Alternatives considered

  • Keep dispatch-only; document ReAct / Plan-and-Execute as patterns. Rejected. Every existing Trails prototype app has reinvented these three primitives, none of them compatibly. This is the Fabrica thesis inverted: not shipping the agent loop is the wrong bet, because without it every user reinvents it worse.
  • Depend on LangChain / LlamaIndex for the agent loop; keep Trails dispatch-only. Rejected. LangChain's cost accounting is opaque to Trails' CostAccountant, and its callback machinery does not naturally project into PROV-O. Taking the dependency would break ADR-0009 (provenance always on) and ADR-0012 (cost as primitive) at exactly the boundary those ADRs need to cover.
  • Bake only the LLM client; leave planning strategies out. Rejected. This solves © prompt-caching and (d) budget-linked LLM calls but leaves every user still writing a ReAct loop by hand — against inconsistent conventions. The three primitives are co-valuable; shipping them together is cheaper than shipping them serially across three minor versions.
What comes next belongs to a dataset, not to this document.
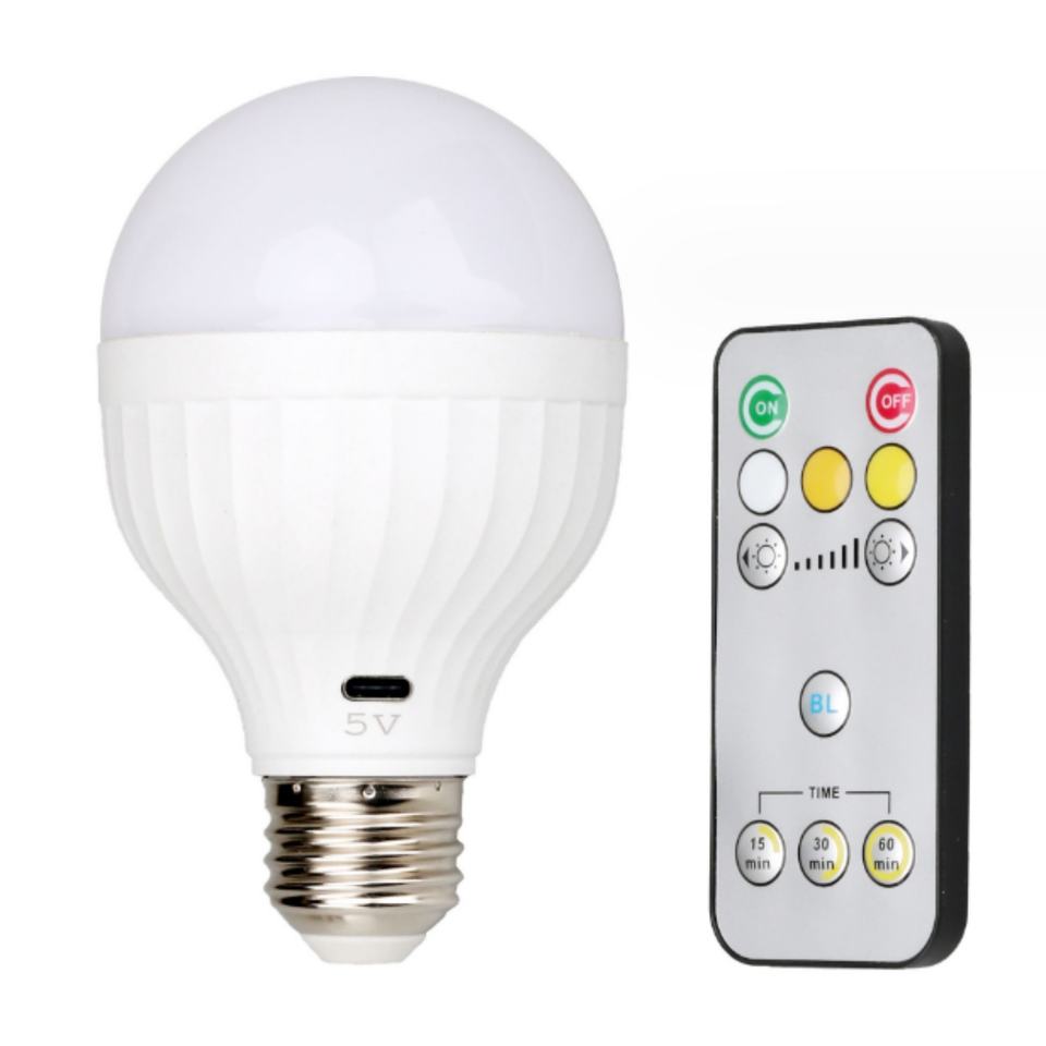 Ampoule LED rechargeable USB-C 7W avec télécommande, batterie 2600mAh, 5V, pour pannes de courant et situations d'urgence

  • Ship only ReAct; add other strategies on demand. Deferred, not rejected. Phase 2 ships only ReAct; Phase 3 adds Plan-and-Execute and Reflexion. If Phase 3 slips past M9, the ADR still stands — the strategy slot exists.

Open questions

  1. LLM-internal provenance granularity. Do we emit a prov:Activity per token, per LLM call, or both (call-level as primary, optional token-level trace linked via prov:wasInformedBy)? Per-token loses us the NFR-Perf1 latency budget almost immediately; per-call may be too coarse for regulators who want to see reasoning trace. Leaning toward per call + an opt-in token-trace named graph (prov:llm-tokens) that defaults off and is never exported cross-boundary regardless of ADR-0013 assurance.
  2. Sync vs async LLMClient. Kernel is sync through M1 and moves async in M1+ (guardrails §3). M9 is post-async; default async is the right call, but sync shims matter for scripts and tests. Ship both, or sync-over-async?
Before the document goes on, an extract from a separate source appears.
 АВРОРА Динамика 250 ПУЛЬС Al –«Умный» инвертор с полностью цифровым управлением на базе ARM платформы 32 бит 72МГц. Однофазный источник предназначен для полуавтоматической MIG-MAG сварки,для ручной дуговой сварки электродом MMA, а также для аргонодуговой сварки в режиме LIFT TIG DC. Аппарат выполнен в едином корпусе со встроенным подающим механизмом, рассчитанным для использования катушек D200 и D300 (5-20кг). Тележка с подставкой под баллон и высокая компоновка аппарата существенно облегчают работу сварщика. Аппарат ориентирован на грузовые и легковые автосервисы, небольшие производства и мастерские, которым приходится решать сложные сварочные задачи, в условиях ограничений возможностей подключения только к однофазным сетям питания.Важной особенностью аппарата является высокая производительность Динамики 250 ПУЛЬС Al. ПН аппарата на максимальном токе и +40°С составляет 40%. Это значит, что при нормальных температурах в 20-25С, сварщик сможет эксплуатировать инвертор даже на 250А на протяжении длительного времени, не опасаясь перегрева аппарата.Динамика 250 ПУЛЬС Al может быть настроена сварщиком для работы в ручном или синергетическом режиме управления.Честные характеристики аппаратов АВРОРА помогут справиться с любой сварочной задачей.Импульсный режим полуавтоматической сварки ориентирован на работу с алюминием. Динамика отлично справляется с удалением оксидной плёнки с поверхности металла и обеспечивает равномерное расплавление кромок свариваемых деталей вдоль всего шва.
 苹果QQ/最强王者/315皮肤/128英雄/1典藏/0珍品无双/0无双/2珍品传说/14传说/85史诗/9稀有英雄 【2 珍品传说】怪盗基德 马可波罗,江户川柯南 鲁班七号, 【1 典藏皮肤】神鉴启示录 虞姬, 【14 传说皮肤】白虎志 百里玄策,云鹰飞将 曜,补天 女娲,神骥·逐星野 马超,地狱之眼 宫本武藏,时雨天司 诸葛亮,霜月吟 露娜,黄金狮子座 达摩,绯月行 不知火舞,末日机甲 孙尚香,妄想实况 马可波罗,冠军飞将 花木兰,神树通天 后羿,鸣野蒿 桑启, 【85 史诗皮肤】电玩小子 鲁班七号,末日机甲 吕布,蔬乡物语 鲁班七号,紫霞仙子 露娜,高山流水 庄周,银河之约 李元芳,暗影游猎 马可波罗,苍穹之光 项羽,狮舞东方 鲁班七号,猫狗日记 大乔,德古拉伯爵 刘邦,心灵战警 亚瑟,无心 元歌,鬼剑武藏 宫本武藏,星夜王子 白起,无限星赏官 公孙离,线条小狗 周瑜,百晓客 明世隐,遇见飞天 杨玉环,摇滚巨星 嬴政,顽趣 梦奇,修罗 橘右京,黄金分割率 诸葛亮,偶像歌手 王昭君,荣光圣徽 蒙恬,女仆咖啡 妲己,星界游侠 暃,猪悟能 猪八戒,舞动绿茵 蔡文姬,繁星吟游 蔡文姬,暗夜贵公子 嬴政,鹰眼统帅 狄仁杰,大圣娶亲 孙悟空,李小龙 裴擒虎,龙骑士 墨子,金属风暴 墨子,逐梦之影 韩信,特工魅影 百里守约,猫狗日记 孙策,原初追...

  3. Context vs ADR-0017 ORM overlap. Session.invocations holds capability envelopes; ActiveGraph models (ADR-0017) hold domain entities. When a capability returns an ActiveGraph instance, does the session hold the instance, its IRI, or a pickled snapshot? The replay semantics of each choice differ sharply.
  4. Strategy mix mid-session. Can a session switch strategies (e.g., start in Plan-and-Execute, fall back to ReAct on replan failure)? Convenient but complicates PROV graph topology — the root activity's prov:wasInformedBy tree gets messier.
  5. Prompt-cache coordination across sessions. Anthropic's prompt-cache keys are per-account. If two sessions on the same principal share a system prompt, do we key the cache on the system prompt hash (sharing cache) or on session.id (no sharing)? Sharing saves money; not sharing is simpler to reason about for audit replay.
  6. Budget handling when a planner and a capability both want to spend. A single invoke() inside a ReAct loop may itself call ctx.llm.complete() (see worked example). We open two cost envelopes (planner-step, capability-internal). Do they nest, or does the capability one attach to the capability's prov:Activity only? Double-counting must not happen.